Only an exact repeat of the listing, without its images, counts as the answer.

■ Data section
● ● ●

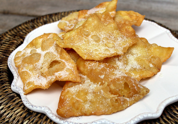 Se calienta abundante aceite en una sartén y se fríen las porciones por los dos lados. Retiradas de la sartén se escurren y se espolvorean de azúcar.
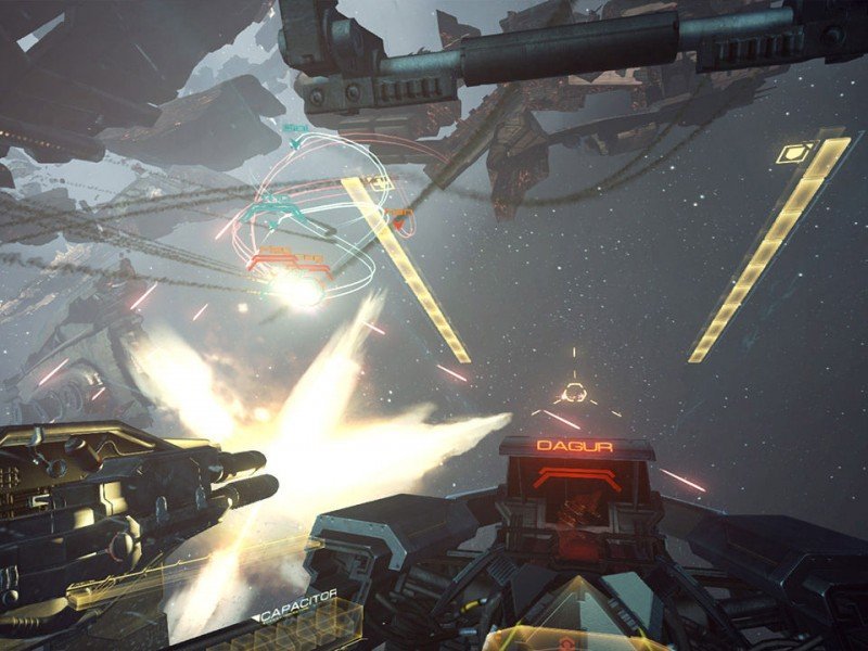 En ce qui concerne la technique, EVE: Valkyrie est assez impressionnant. Quand on est assis dans le cockpit, on a l'impression d'être dans un vrai vaisseau spatial. Il y a des images holographiques montrant différents statuts et, lorsque vous regardez autour de vous, vous vous sentez très mécanique et industriel. Regardez en bas et vous avez les commandes du navire en main. La majorité des armes utilisent le suivi de la tête et lorsque vous vous préparez au lancement, regarder autour de vous déplace les armes dans la direction que vous regardez. Le suivi de la tête est également utilisé pour sélectionner des éléments de menu. Le jeu a même fière allure lorsque vous êtes tué. La couleur est réduite à néant et tout devient bleu, tandis que l'intérieur de votre bateau est recouvert de glace après une brèche dans le cockpit. La séquence de lancement est également excellente lorsque vous empruntez un tunnel dans le vide. Dans les écrans de chargement des matches, vous pouvez regarder autour de vous et voir d’autres pilotes assis dans des nacelles attendant d’être conduits à leurs navires. En jouant, vous gagnerez de l'argent qui vous permettra d'acheter des améliorations, des skins et des implants. Certaines mises à niveau nécessitent de l'argent et de l'expérience pour pouvoir être déverrouillées, et même tôt vous pouvez vous rendre compte qu'il y aura beaucoup de meulage pour vraiment augmenter les attributs du navire. Les implants permettent des bonus pour un temps limité en fonction de vos dépenses et peuvent s'avérer coûteux. Il y a aussi la monnaie en or qui peut être achetée avec de l'argent réel, ou vous pouvez échanger de l'argent pour de l'or.
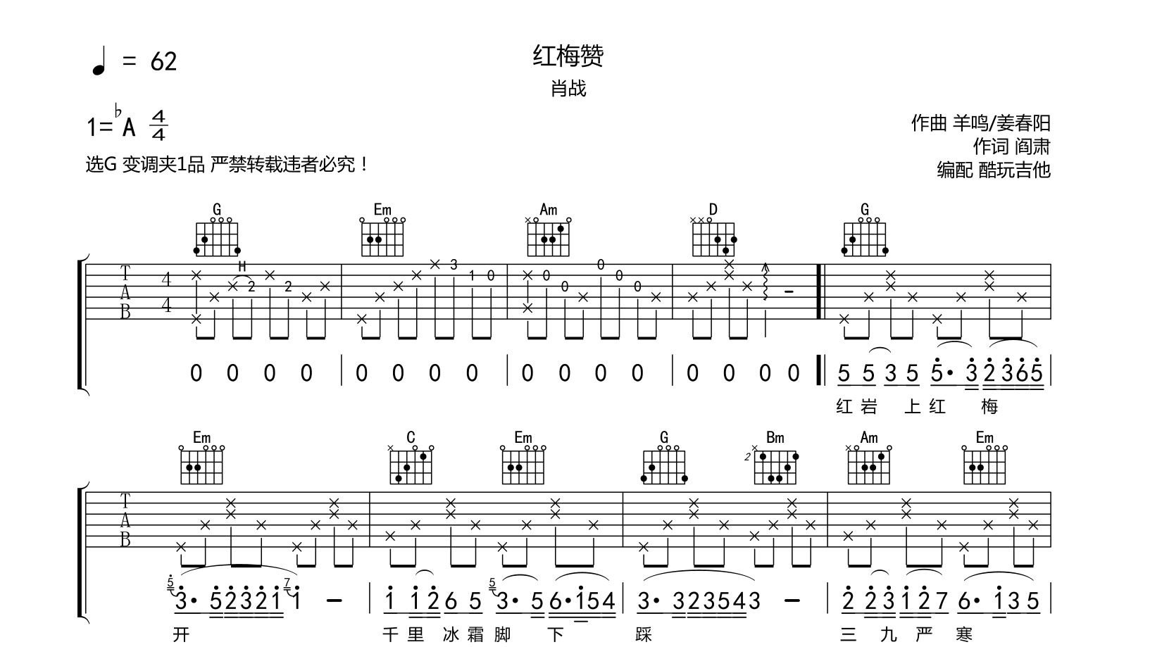 红梅赞吉他谱肖战-六线谱弹唱选G变调夹1品附前奏间奏音频为手机录制完整录制以作试听示范...

● ● ●

■ Task output
 Se calienta abundante aceite en una sartén y se fríen las porciones por los dos lados. Retiradas de la sartén se escurren y se espolvorean de azúcar.
 En ce qui concerne la technique, EVE: Valkyrie est assez impressionnant. Quand on est assis dans le cockpit, on a l'impression d'être dans un vrai vaisseau spatial. Il y a des images holographiques montrant différents statuts et, lorsque vous regardez autour de vous, vous vous sentez très mécanique et industriel. Regardez en bas et vous avez les commandes du navire en main. La majorité des armes utilisent le suivi de la tête et lorsque vous vous préparez au lancement, regarder autour de vous déplace les armes dans la direction que vous regardez. Le suivi de la tête est également utilisé pour sélectionner des éléments de menu. Le jeu a même fière allure lorsque vous êtes tué. La couleur est réduite à néant et tout devient bleu, tandis que l'intérieur de votre bateau est recouvert de glace après une brèche dans le cockpit. La séquence de lancement est également excellente lorsque vous empruntez un tunnel dans le vide. Dans les écrans de chargement des matches, vous pouvez regarder autour de vous et voir d’autres pilotes assis dans des nacelles attendant d’être conduits à leurs navires. En jouant, vous gagnerez de l'argent qui vous permettra d'acheter des améliorations, des skins et des implants. Certaines mises à niveau nécessitent de l'argent et de l'expérience pour pouvoir être déverrouillées, et même tôt vous pouvez vous rendre compte qu'il y aura beaucoup de meulage pour vraiment augmenter les attributs du navire. Les implants permettent des bonus pour un temps limité en fonction de vos dépenses et peuvent s'avérer coûteux. Il y a aussi la monnaie en or qui peut être achetée avec de l'argent réel, ou vous pouvez échanger de l'argent pour de l'or.
 红梅赞吉他谱肖战-六线谱弹唱选G变调夹1品附前奏间奏音频为手机录制完整录制以作试听示范...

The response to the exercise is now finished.